What are the Causes of Phlegmon?
Phlegmon is commonly caused by bacteria: non-spore and spore forming anaerobes, streptococci etc. Immunity strength of the patient and virulence of bacteria are other factors which affect the development of phlegmon.
What are the Symptoms of Phlegmon?
Symptoms of Systemic Infection from Phlegmon consist of:
- Fever or increased body temperature.
- Fatigue.
- Sweating.
- Increased thirst.
- Chills.
- Loss of appetite.
- Headache.
Symptoms of Inflammation from Phlegmon consist of:
- Localized pain.
- Hyperemia or skin redness.
- Increased local temperature.
- Painful tissue swelling which can be non-clear bordered or clear or bordered (tumor).
- Decreased function of the affected body part.

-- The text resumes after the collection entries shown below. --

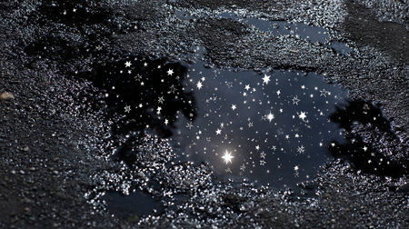 Stars in the night sky reflected in a puddle of water.
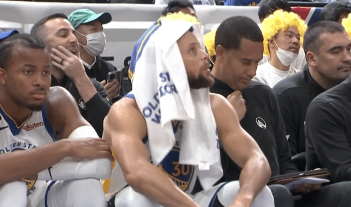 第二节,勇士和奇才僵持不下,期间怀斯曼连得5分(命中三分球),8分15秒库里重新上场,突破上篮得分;之后库里两次尝试三分都不中,甚至连篮筐都没碰到;不过库里迎着八村塁和波神强硬上篮,遭八村塁干扰球,之后篮下换手上篮,打着打着,库里三分再次开张,接连命中两记三分。
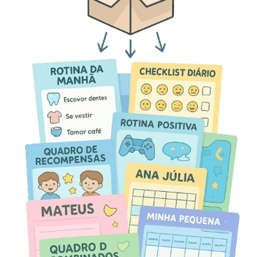 Ao comprar o pacote com várias rotinas, você pode escolher junto com seu filho qual rotina ele mais gosta.
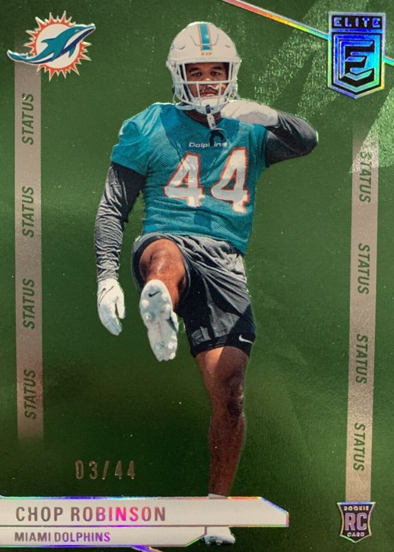 The Chop Robinson 2024 Elite #140 Status (/44) Rookie card in Raw condition has not changed in price in the last 30 days and was last sold for $6.33 .

Phlegmon which is noninfectious can be found in acute pancreatitis which occurs in Systemic Lupus Erythematosus (SLE). The immunosuppressive medications used to treat SLE and immunosuppressive aspects of SLE subdue the signs of infection from Phlegmon.

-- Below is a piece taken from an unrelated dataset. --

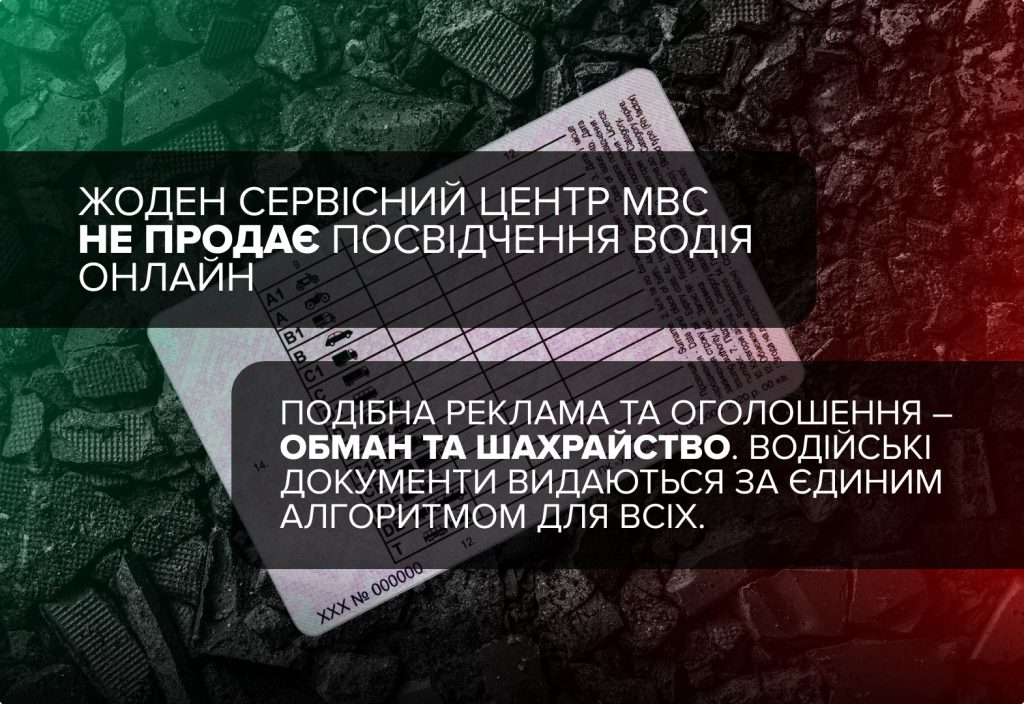 Жоден сервісний центр МВС не продає посвідчення водія онлайн. Подібна реклама та оголошення – обман та шахрайство. Водійські документи видаються за єдиним алгоритмом для всіх. Щоби отримати посвідчення водія, необхідно вивчити правила дорожнього руху за самопідготовкою або в автошколі, скласти теоретичний іспит в ТСЦ МВС, пройти практичне навчання в автошколі. Останній етап – скласти практичний іспит в сервісному центрі МВС. Лише після цього посвідчення водія видається особисто власнику в руки та після пред’явлення документа, що посвідчує особу.

Note of importance here is the degree of patient’s condition with phlegmon is directly proportional to the degree of intoxication level. The more severe the condition, the greater will be the purulent intoxication level.
How is Phlegmon Diagnosed?
Diagnosis of Phlegmon is made based on the following:
- Patient’s symptoms, complaints and physical exam.

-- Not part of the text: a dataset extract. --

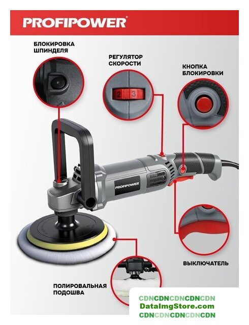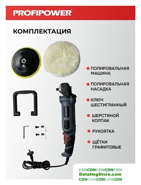 | Комплект поставки | - Полировальная насадка;- Ключ шестигранный;- Шерстяной колпак;- Рукоятка;- Графитные щетки. |
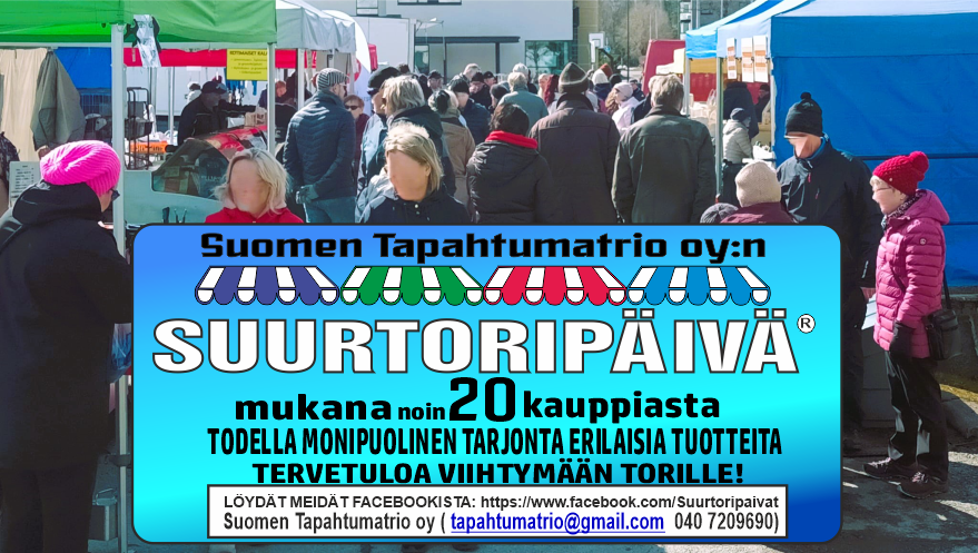 Suurtoripäivä tuo perinteistä mukavaa toritunnelmaa paikkakunnille noin 20 kauppiaan porukalla. Suomen Tapahtumatrio oy:n Suurtoripäivä on isompi toripäivä kuin useimmilla paikkakunnilla toripäivät normaalisti, mutta pienemmät kuin markkinat. Siksipä me ollaankin koottu tämä meidän oma kauppiasporukka erilaisten tuotteiden myyjistä, että saadaan tarjottua teille mahdollisimman laaja ja monipuolinen kattaus.

- Patient’s previous medical history.
- Palpation during physical exam.
- Blood test including CBC is done.
- Urine test, which will detect bacteria in urine in case of Phlegmon.
- Imaging tests such as x-ray, ultrasound, CT scan and MRI scan.
How is Phlegmon Treated?
- The main aim of treatment of Phlegmon is removing the cause of the phlegmonous process so that treatment is achieved and recurrence can be prevented.
- Conservative treatment consisting of antibiotics is started if the Phlegmon is mild and inflammation is present without any signs of infiltrates.
- In severe cases, surgery is needed to drain the Phlegmon, to excise dead tissues and to prevent further spread of infection. Surgery is done under general anesthesia where the cavity which contains the phlegmonous process is cleaned with antibiotic and antiseptic solutions and the dead tissue is removed. Intravenous antibiotics are given to the patient in post-operative period.
- During surgery for removal of phlegmon, it is important to avoid spreading of pus, to avoid damaging nerves and to take into consideration the aesthetic value of the operating site, especially if the phlegmmonous process is on the face.